* **Task to complete**
Transcribe each line below verbatim; pictures excluded.
====
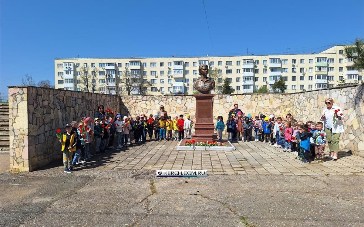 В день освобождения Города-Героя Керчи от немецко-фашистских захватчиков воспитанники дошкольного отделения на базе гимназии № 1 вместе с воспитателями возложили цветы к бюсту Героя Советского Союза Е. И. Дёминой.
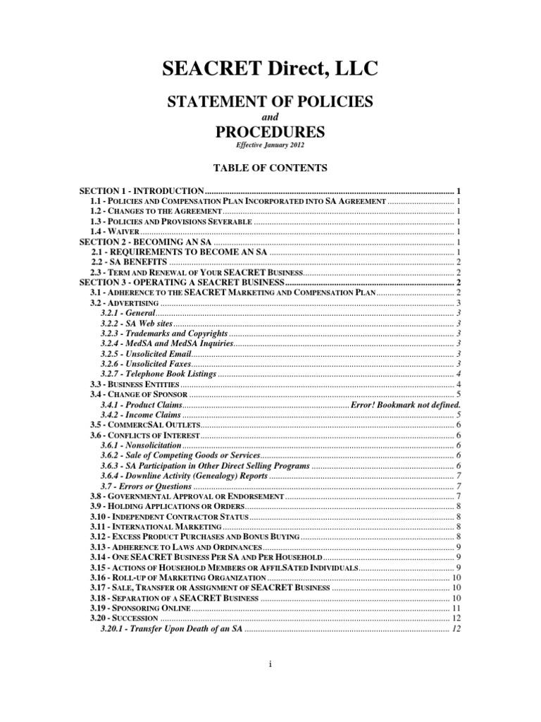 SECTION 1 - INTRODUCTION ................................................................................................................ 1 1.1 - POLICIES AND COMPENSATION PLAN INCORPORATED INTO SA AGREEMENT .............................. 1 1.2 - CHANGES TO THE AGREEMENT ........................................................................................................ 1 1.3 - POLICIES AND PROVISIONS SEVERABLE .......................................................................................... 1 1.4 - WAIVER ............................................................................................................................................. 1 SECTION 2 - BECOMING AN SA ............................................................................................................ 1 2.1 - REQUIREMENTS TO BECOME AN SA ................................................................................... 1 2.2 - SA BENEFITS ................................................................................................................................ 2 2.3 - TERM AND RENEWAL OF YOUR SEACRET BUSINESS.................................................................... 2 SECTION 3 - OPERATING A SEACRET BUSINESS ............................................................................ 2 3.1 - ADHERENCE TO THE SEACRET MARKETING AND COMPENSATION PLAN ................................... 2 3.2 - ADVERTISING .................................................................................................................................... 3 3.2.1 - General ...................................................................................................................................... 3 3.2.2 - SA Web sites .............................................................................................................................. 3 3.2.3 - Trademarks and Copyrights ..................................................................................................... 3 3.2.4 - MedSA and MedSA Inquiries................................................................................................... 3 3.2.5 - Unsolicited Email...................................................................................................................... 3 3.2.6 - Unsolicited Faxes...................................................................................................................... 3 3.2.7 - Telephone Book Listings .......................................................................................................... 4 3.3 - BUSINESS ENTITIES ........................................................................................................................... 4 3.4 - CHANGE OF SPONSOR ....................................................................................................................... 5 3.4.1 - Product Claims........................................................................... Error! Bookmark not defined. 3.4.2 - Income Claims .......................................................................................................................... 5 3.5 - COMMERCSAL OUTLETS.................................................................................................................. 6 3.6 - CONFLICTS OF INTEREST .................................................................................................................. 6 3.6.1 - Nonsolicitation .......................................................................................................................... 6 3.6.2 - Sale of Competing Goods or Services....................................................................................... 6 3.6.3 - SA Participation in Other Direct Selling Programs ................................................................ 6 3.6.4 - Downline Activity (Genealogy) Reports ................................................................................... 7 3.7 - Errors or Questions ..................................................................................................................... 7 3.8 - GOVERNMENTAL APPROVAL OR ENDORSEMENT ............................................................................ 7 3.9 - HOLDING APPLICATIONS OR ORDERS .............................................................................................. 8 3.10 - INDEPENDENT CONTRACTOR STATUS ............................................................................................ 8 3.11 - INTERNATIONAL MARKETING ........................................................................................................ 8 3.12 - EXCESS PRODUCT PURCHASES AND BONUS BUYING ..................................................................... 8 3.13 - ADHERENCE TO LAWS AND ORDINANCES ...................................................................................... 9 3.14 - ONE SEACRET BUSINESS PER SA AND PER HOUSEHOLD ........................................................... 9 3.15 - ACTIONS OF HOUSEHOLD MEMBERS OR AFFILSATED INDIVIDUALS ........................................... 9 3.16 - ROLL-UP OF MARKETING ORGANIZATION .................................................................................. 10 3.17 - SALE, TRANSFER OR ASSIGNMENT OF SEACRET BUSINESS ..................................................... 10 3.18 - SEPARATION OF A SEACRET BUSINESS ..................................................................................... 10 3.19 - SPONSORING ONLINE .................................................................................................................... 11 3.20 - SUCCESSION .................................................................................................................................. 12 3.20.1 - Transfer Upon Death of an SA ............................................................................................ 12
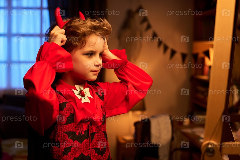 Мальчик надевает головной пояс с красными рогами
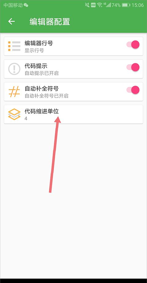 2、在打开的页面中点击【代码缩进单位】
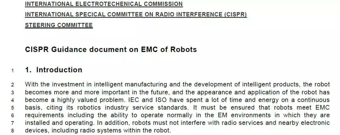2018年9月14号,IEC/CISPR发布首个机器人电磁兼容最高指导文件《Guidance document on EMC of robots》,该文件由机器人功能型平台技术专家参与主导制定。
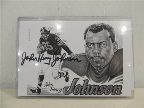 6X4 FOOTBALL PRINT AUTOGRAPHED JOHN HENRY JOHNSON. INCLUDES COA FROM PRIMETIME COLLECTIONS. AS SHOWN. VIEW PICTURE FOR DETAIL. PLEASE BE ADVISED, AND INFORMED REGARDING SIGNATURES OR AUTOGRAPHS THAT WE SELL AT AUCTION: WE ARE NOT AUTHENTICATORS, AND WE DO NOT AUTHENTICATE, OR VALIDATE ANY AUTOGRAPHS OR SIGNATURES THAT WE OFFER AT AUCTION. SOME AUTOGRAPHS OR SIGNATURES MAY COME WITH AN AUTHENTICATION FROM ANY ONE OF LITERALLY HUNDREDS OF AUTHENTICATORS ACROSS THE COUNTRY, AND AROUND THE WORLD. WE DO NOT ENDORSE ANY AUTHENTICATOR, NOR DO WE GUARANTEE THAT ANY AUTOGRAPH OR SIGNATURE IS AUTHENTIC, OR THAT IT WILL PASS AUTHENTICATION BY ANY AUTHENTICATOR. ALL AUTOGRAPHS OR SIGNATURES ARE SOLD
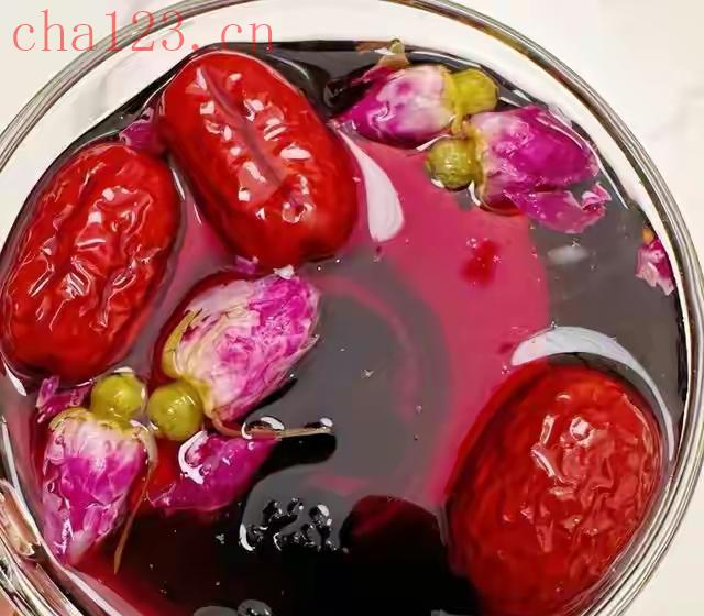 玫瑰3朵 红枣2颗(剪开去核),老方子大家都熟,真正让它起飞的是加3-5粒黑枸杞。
====
* **Reply**
 В день освобождения Города-Героя Керчи от немецко-фашистских захватчиков воспитанники дошкольного отделения на базе гимназии № 1 вместе с воспитателями возложили цветы к бюсту Героя Советского Союза Е. И. Дёминой.
 SECTION 1 - INTRODUCTION ................................................................................................................ 1 1.1 - POLICIES AND COMPENSATION PLAN INCORPORATED INTO SA AGREEMENT .............................. 1 1.2 - CHANGES TO THE AGREEMENT ........................................................................................................ 1 1.3 - POLICIES AND PROVISIONS SEVERABLE .......................................................................................... 1 1.4 - WAIVER ............................................................................................................................................. 1 SECTION 2 - BECOMING AN SA ............................................................................................................ 1 2.1 - REQUIREMENTS TO BECOME AN SA ................................................................................... 1 2.2 - SA BENEFITS ................................................................................................................................ 2 2.3 - TERM AND RENEWAL OF YOUR SEACRET BUSINESS.................................................................... 2 SECTION 3 - OPERATING A SEACRET BUSINESS ............................................................................ 2 3.1 - ADHERENCE TO THE SEACRET MARKETING AND COMPENSATION PLAN ................................... 2 3.2 - ADVERTISING .................................................................................................................................... 3 3.2.1 - General ...................................................................................................................................... 3 3.2.2 - SA Web sites .............................................................................................................................. 3 3.2.3 - Trademarks and Copyrights ..................................................................................................... 3 3.2.4 - MedSA and MedSA Inquiries................................................................................................... 3 3.2.5 - Unsolicited Email...................................................................................................................... 3 3.2.6 - Unsolicited Faxes...................................................................................................................... 3 3.2.7 - Telephone Book Listings .......................................................................................................... 4 3.3 - BUSINESS ENTITIES ........................................................................................................................... 4 3.4 - CHANGE OF SPONSOR ....................................................................................................................... 5 3.4.1 - Product Claims........................................................................... Error! Bookmark not defined. 3.4.2 - Income Claims .......................................................................................................................... 5 3.5 - COMMERCSAL OUTLETS.................................................................................................................. 6 3.6 - CONFLICTS OF INTEREST .................................................................................................................. 6 3.6.1 - Nonsolicitation .......................................................................................................................... 6 3.6.2 - Sale of Competing Goods or Services....................................................................................... 6 3.6.3 - SA Participation in Other Direct Selling Programs ................................................................ 6 3.6.4 - Downline Activity (Genealogy) Reports ................................................................................... 7 3.7 - Errors or Questions ..................................................................................................................... 7 3.8 - GOVERNMENTAL APPROVAL OR ENDORSEMENT ............................................................................ 7 3.9 - HOLDING APPLICATIONS OR ORDERS .............................................................................................. 8 3.10 - INDEPENDENT CONTRACTOR STATUS ............................................................................................ 8 3.11 - INTERNATIONAL MARKETING ........................................................................................................ 8 3.12 - EXCESS PRODUCT PURCHASES AND BONUS BUYING ..................................................................... 8 3.13 - ADHERENCE TO LAWS AND ORDINANCES ...................................................................................... 9 3.14 - ONE SEACRET BUSINESS PER SA AND PER HOUSEHOLD ........................................................... 9 3.15 - ACTIONS OF HOUSEHOLD MEMBERS OR AFFILSATED INDIVIDUALS ........................................... 9 3.16 - ROLL-UP OF MARKETING ORGANIZATION .................................................................................. 10 3.17 - SALE, TRANSFER OR ASSIGNMENT OF SEACRET BUSINESS ..................................................... 10 3.18 - SEPARATION OF A SEACRET BUSINESS ..................................................................................... 10 3.19 - SPONSORING ONLINE .................................................................................................................... 11 3.20 - SUCCESSION .................................................................................................................................. 12 3.20.1 - Transfer Upon Death of an SA ............................................................................................ 12
 Мальчик надевает головной пояс с красными рогами
 2、在打开的页面中点击【代码缩进单位】
2018年9月14号,IEC/CISPR发布首个机器人电磁兼容最高指导文件《Guidance document on EMC of robots》,该文件由机器人功能型平台技术专家参与主导制定。
 6X4 FOOTBALL PRINT AUTOGRAPHED JOHN HENRY JOHNSON. INCLUDES COA FROM PRIMETIME COLLECTIONS. AS SHOWN. VIEW PICTURE FOR DETAIL. PLEASE BE ADVISED, AND INFORMED REGARDING SIGNATURES OR AUTOGRAPHS THAT WE SELL AT AUCTION: WE ARE NOT AUTHENTICATORS, AND WE DO NOT AUTHENTICATE, OR VALIDATE ANY AUTOGRAPHS OR SIGNATURES THAT WE OFFER AT AUCTION. SOME AUTOGRAPHS OR SIGNATURES MAY COME WITH AN AUTHENTICATION FROM ANY ONE OF LITERALLY HUNDREDS OF AUTHENTICATORS ACROSS THE COUNTRY, AND AROUND THE WORLD. WE DO NOT ENDORSE ANY AUTHENTICATOR, NOR DO WE GUARANTEE THAT ANY AUTOGRAPH OR SIGNATURE IS AUTHENTIC, OR THAT IT WILL PASS AUTHENTICATION BY ANY AUTHENTICATOR. ALL AUTOGRAPHS OR SIGNATURES ARE SOLD
 玫瑰3朵 红枣2颗(剪开去核),老方子大家都熟,真正让它起飞的是加3-5粒黑枸杞。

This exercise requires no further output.